The children slept in very crowded conditions. The institution only had two rooms for the children - a room for the boys and a room for the girls. The dining room was not one of the larger rooms. There was also a room for the administration and a kitchen and bathrooms. Among the children were also some from outside the town. One girl from Siemiatycze was my best friend, and there were those from other towns.
The yard was neat and clean and in it was a serious vegetable garden that the children worked in and helped to cultivate.
Food was meager. Thin bread in the morning, butter and coffee; lunch was rarely any meat. Most days of the week we almost never saw meat. We received clothing from rich people in town. In these actions of concern for clothing and other things, it was very much Yacha, an aunt of Zipporah
Kdelobovsky, and Chaya Mlodovsky. The latter was received by us and was well loved. She is located in Israel, and I once visited her in her apartment in Kiryat Bialystok in gratitude for the years gone by. She was the daughter of the butcher and lived near the orphanage on Beit Midrash Street. Her concern for the institution was very much felt and was continuous. On the board was another person, Rosenberg, who lived on Mitzkovitz [Mickiewicza] Street and had a warm relationship with us. These three I remember well because they would visit us frequently, and we would go to see them, and in an institution like this one connections such as these are very important, almost as much as food - and perhaps more so.

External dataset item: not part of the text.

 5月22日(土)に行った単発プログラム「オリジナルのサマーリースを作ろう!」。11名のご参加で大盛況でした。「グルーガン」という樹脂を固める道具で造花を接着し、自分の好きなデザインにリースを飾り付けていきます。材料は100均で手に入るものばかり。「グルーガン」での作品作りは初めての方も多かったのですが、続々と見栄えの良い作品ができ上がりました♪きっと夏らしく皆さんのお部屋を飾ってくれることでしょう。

The highlight of the services that the institute provided was going to summer camp. Every year we would go for a month to a camp in Dubna, Miliachich [Milejczyce] or Druzgnik. The flavor of these camps followed us the entire year, health-wise and in spirit. We drew from this one month many emotional and uplifting experiences. Meeting with nature in the world for those without parents blurred our gloomy distinctiveness and anointed us with a good feeling that we were like all the [other] children.
The kitchen and clean-up worker was a Polish lady, a devoted and good woman. She was a good cook, and I remember her well.

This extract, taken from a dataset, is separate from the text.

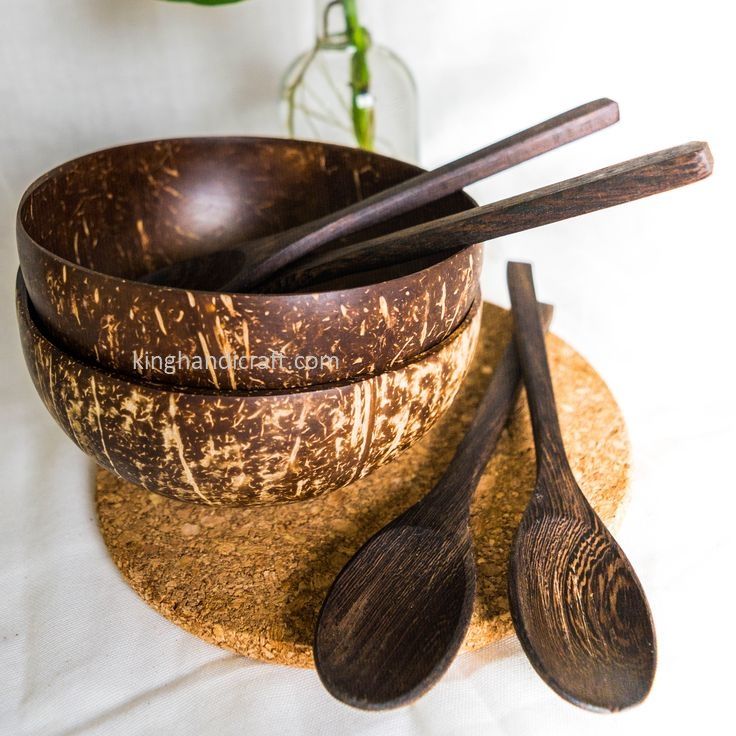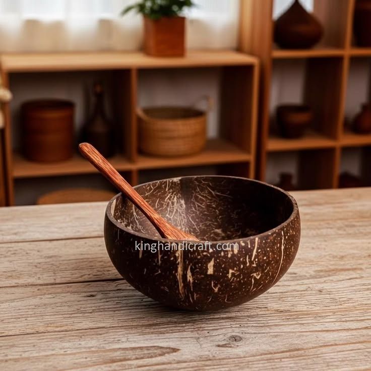 Bol en Coque de Noix de Coco Polie Fait Main Classique Écologique Léger et Durable pour Smoothies Salades Fruits Riz Ustensiles de Cuisine

On the holidays we always had parties. We would sit at long tables and sing. It was so nice. Neighbors on the street would come to us for the parties, and it was very joyful with them.
The orphanage was our home, the place where we ate and lodged. It was not a closed institution, where our studies also took place, coordinated to the spirit of the institute and its line of education. Instead, we went to school in town. When it came to education the Yiddish School controlled the institution. We did not learn Hebrew. The teachers were good, but they were always changing.
When the children reached the age of 14 and completed seven grades of school, the administrators of the orphanage saw to it that the children learned a trade and would be able to stand on their own. They would arrange to have the orphans placed with experts in a craft, or they would send them to Bialystok. There the children would continue to live in a local orphanage and learn occupations at a trade school or with a master craftsman. Completing their education in this way raised many difficulties for the board. They had to worry about money for clothing and food, and here I saw the greatness of volunteers of Bielsk, the public figures of the orphanage. We were small, and I remember the concern for our independence was very heavy on our little hearts. But we trusted the good hearts of our patrons and knew we were in good hands.
Even when the children went out on their own, that is, when they were earning money for their work, the committee would arrange a place of work and see that salary conditions were decent, just as they arranged a place for them to live and other things.
From previous years would come echoes of the warm care the committee gave us, and it was easy for us to think that there was concern for us. We knew details about the classes, and we saw them graduate with a healthy spirit of independence and freedom like all the graduates their age.
At the end of 1939, the Russians came to Bielsk, and they stayed until mid-1941. During that period of time the institution grew too much and lost its warm, Jewish character. It is true that the living conditions and the food greatly improved. However, the children began suffering; social suffering was very hard. The institute had over 200 children. Among them were some street children, criminals who really destroyed everything
that had been built and obtained in the institution. We suffered terribly. We were afraid of the criminals who bullied and persecuted us and brought fear on the administrators of the institution, as well, until there was no one left to turn to with our complaint and no one who would defend us. In the end, the Russians themselves saw that the institute could not have a period of time like that and in that framework, and they reduced the number to 40 children.
The Russians also continued in a tradition of reducing it until it was as it had been previously.
When the Russians left, the institution was abandoned, and I do not know what was the fate of the children in it. I was staying in Druzgnik and thus I stayed alive. The rest of the children were abandoned, and shared the fate of the rest of the martyrs of our town.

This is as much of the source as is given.